[TASK REQUIREMENTS]:
Copy, word for word, the lines of the listing below from the line with "W programie wydarzenia" up to and including the line with "LINKA esthe (リンカ". Drop the pictures.

[THE RECORDS]:
Segment Open

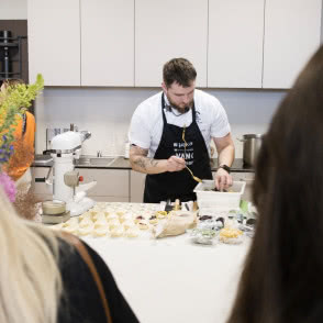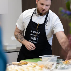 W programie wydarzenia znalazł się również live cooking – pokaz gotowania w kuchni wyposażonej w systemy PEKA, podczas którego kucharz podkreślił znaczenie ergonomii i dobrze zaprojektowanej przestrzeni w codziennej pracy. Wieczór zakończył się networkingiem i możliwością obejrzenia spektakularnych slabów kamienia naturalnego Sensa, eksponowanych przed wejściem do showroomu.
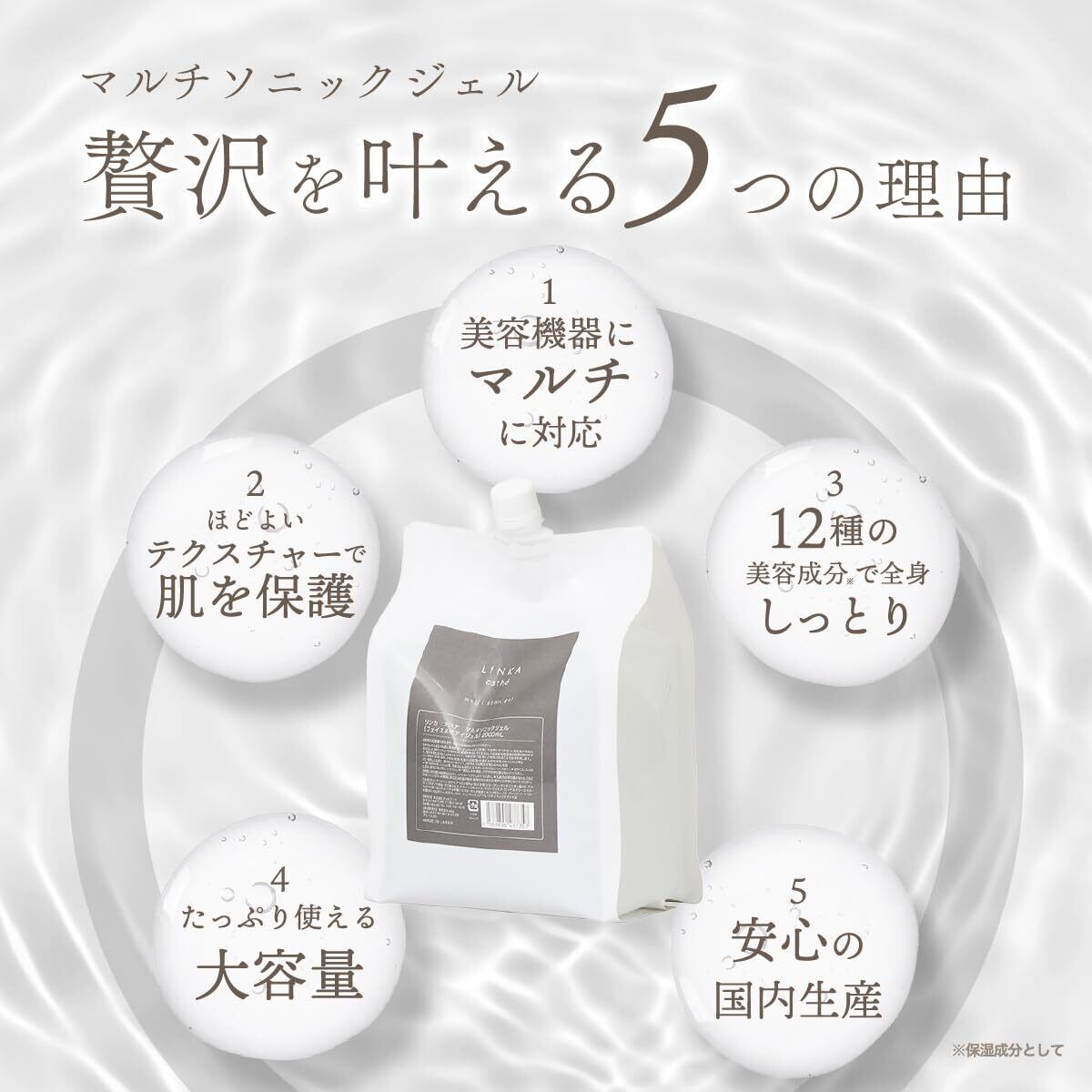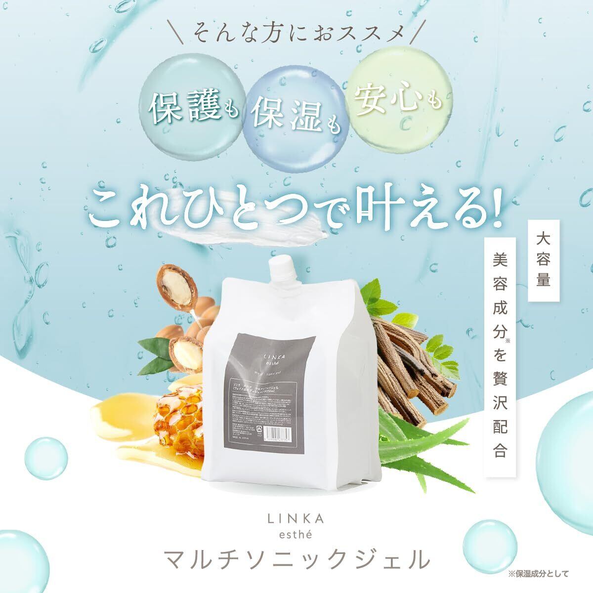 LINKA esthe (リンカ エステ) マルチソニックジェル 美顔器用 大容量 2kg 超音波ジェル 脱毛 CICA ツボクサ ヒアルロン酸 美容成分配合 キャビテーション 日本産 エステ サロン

Segment Closed
Segment Open

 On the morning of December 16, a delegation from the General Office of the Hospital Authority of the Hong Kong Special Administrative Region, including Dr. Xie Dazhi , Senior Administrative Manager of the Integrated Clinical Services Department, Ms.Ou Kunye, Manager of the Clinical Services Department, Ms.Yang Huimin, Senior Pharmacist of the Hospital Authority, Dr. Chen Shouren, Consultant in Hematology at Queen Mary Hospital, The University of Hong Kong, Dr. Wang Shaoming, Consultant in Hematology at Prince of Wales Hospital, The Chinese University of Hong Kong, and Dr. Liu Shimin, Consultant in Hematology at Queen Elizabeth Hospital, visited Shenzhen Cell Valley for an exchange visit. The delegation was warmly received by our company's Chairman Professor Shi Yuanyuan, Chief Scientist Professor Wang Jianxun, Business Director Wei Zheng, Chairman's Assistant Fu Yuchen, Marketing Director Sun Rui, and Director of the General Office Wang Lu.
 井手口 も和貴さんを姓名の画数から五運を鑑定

Segment Closed

[YOUR RESPONSE]:
 W programie wydarzenia znalazł się również live cooking – pokaz gotowania w kuchni wyposażonej w systemy PEKA, podczas którego kucharz podkreślił znaczenie ergonomii i dobrze zaprojektowanej przestrzeni w codziennej pracy. Wieczór zakończył się networkingiem i możliwością obejrzenia spektakularnych slabów kamienia naturalnego Sensa, eksponowanych przed wejściem do showroomu.
 LINKA esthe (リンカ エステ) マルチソニックジェル 美顔器用 大容量 2kg 超音波ジェル 脱毛 CICA ツボクサ ヒアルロン酸 美容成分配合 キャビテーション 日本産 エステ サロン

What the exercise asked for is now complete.